INPUT DATA:
━━━━━━

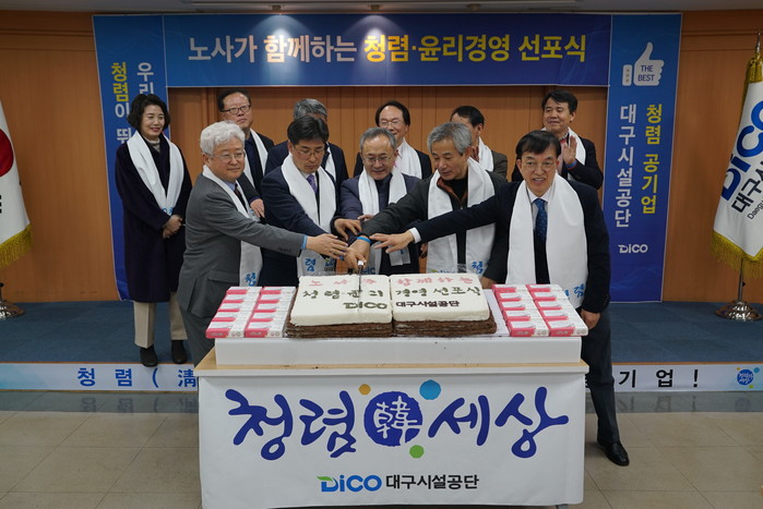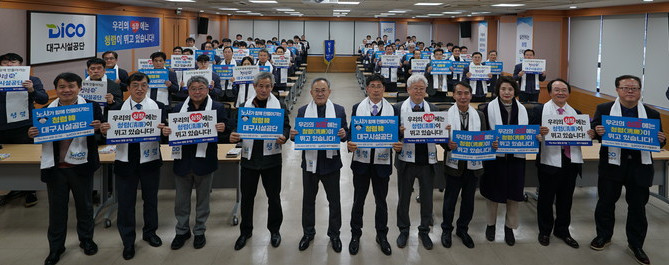 [세계로컬타임즈 최영주 기자] 대구시설공단은 4년 연속 청렴도 우수기관 달성 기원과 청렴 문화 확산을 위한 ‘노사가 함께하는 청렴·윤리경영 선포식’을 개최했다.
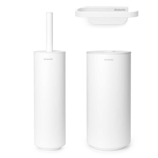 סט טואלט לשירותים MindSet ברבנטיה, לבן מינרלי: מברשת אסלה סיליקון, דיספנסר ומתקן קיר לנייר טואלט Brabantia
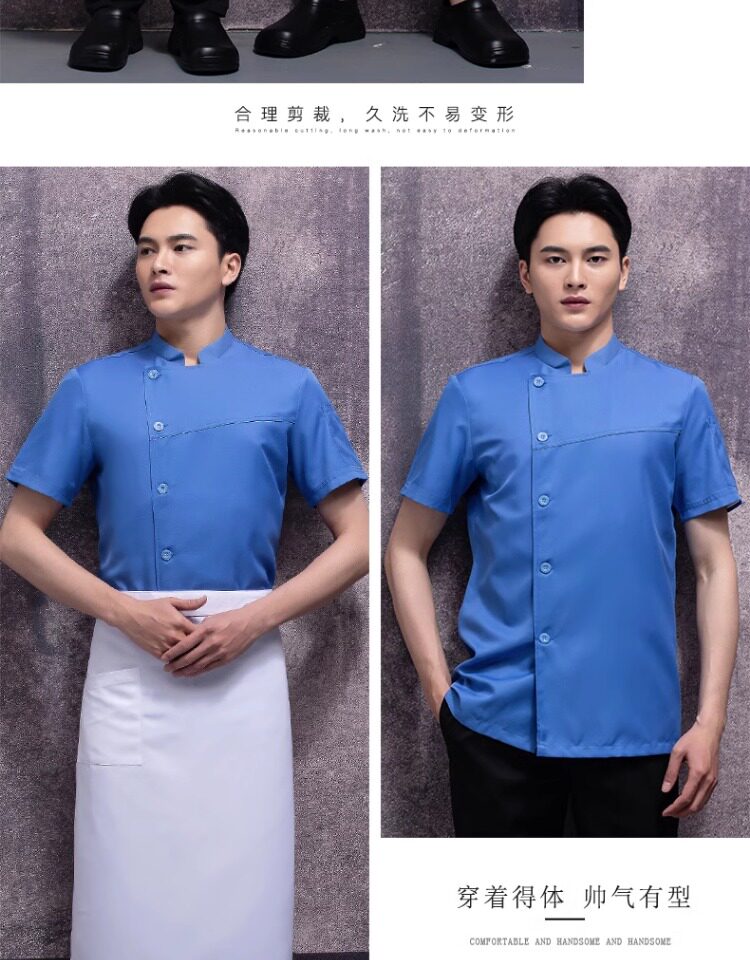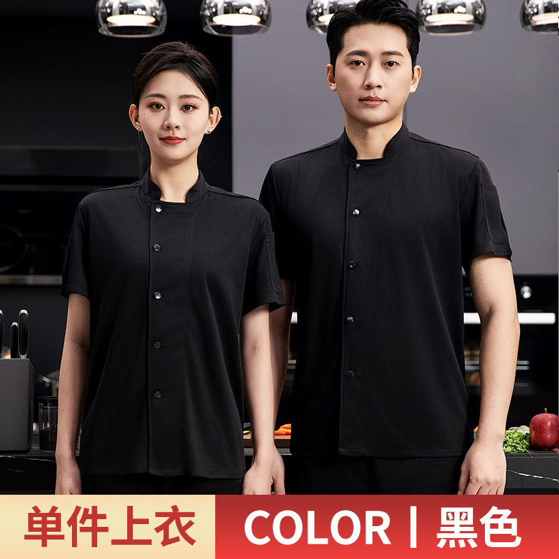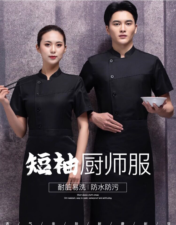 夏季厨师工作服短袖餐饮专用酒店早餐饭店后厨房薄款透气速干工装
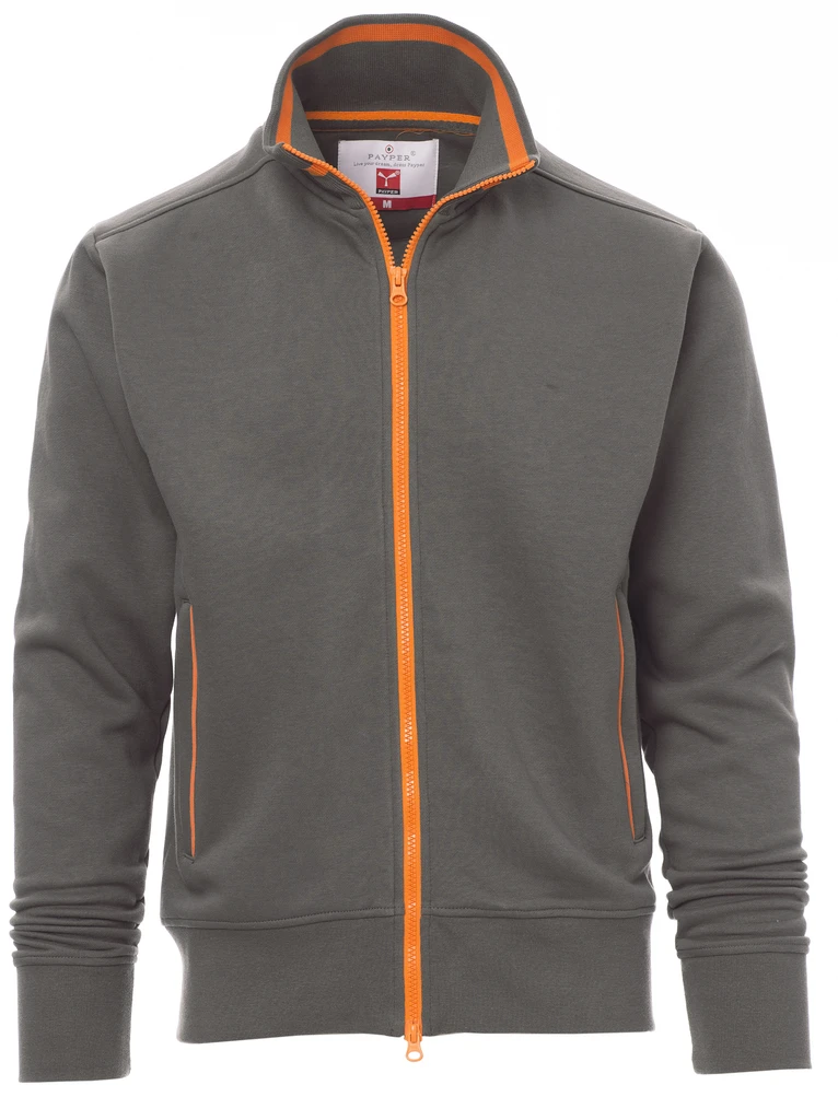 Plastový kontrastní zip po celé délce, dvojcestný kovový jezdec, kontrastní zip na žebrovaném límci a kapsách na zip, vsazené rukávy, vyztužené švy, elastické manžety a spodní lem

━━━━━━

TASK DETAILS: Omit the pictures and write out the lines above from the one with "夏季厨师工作服短袖餐饮专用酒店早餐饭店后厨房薄款透气速干工装" through the last, unchanged.

ANSWER SECTION:
 夏季厨师工作服短袖餐饮专用酒店早餐饭店后厨房薄款透气速干工装
 Plastový kontrastní zip po celé délce, dvojcestný kovový jezdec, kontrastní zip na žebrovaném límci a kapsách na zip, vsazené rukávy, vyztužené švy, elastické manžety a spodní lem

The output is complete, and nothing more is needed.